This post provides a recap of several themes that emerged at this week's Strata+Hadoop World. These include continued infatuation with Spark, security for Kafka, and a discussion around Spark streaming vs. Storm for stream processing.

http://ingest.tips/2015/02/21/hot-strata-2015/

Releases

Apache Cassandra 2.1.3 was released this week. The release contains over 100 fixes and improvements.

http://www.mail-archive.com/user@cassandra.apache.org/msg41000.html

IBM announced several new modules for their BigInsights distribution. These include BigInsights Analyst (for integrating spreadsheets and visualizations with their SQL-on-Hadoop engine), BigInsights Data Scientist (for machine-learning on large datasets), and BigInsights Statistical Management (for managing resources and optimizing workflows).

http://www.datanami.com/2015/02/19/ibm-embraces-hadoop-in-biginsight-push/

Cloudera announced that Apache Kafka has graduated from Cloudera Labs and is now fully-supported as part of Cloudera Enterprise. A technical post on the Cloudera blog describes how to deploy Kafka using CDH and includes some guidance for choosing hardware and sizing a cluster. It also describes various details of the architecture, such as replication, partitioning, and how to guarantee message delivery.

http://www.cloudera.com/content/cloudera/en/about/press-center/press-releases/2015/02/18/real-time-messaging-system-apache-kafka.html
http://blog.cloudera.com/blog/2015/02/how-to-deploy-and-configure-apache-kafka-in-cloudera-enterprise/

Microsoft announced availability of HDP 2.2, which includes Apache Storm, as part of their Azure HDInsight Hadoop-as-a-Service platform. They also announced a preview of HDInsight on Linux, which uses Apache Ambari for deployment.
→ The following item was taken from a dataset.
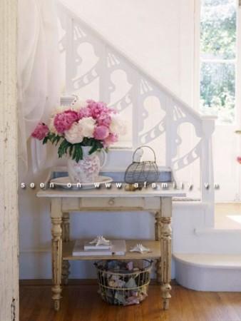 Đặt chiếc bàn nhỏ ở chân cầu thang để đựng đồ vật linh tinh

http://hortonworks.com/blog/microsoft-azure-hdinsight-on-linux-expands-application-platforms/
http://blogs.microsoft.com/blog/2015/02/18/new-azure-services-help-people-realize-possibilities-big-data/

Hadoop-as-a-Service company Altiscale announced two new features this week. First, Apache Spark has been fully integrated into their platform. Second, they're now offering secure-mode for Hadoop using Kerberos.

https://www.altiscale.com/hadoop-blog/spark-fully-supported/
https://www.altiscale.com/hadoop-blog/kerberos-authentication/

Qubole has also added support for Apache Spark to their Qubole Data Services platform.

http://www.qubole.com/blog/product/qubole-apache-spark/

Tableau announced support for Spark SQL as part of the 8.3.3 release of Tableau. The connector is certified by Databricks.

http://money.cnn.com/news/newsfeeds/articles/prnewswire/SF32196.htm

MapR announced version 4.1 of their distribution. Key features include a bi-direction data replication between MapR-DB clusters in separate data centers, a POSIX client for loading data into MapR FS, and a new C API for MapR-DB.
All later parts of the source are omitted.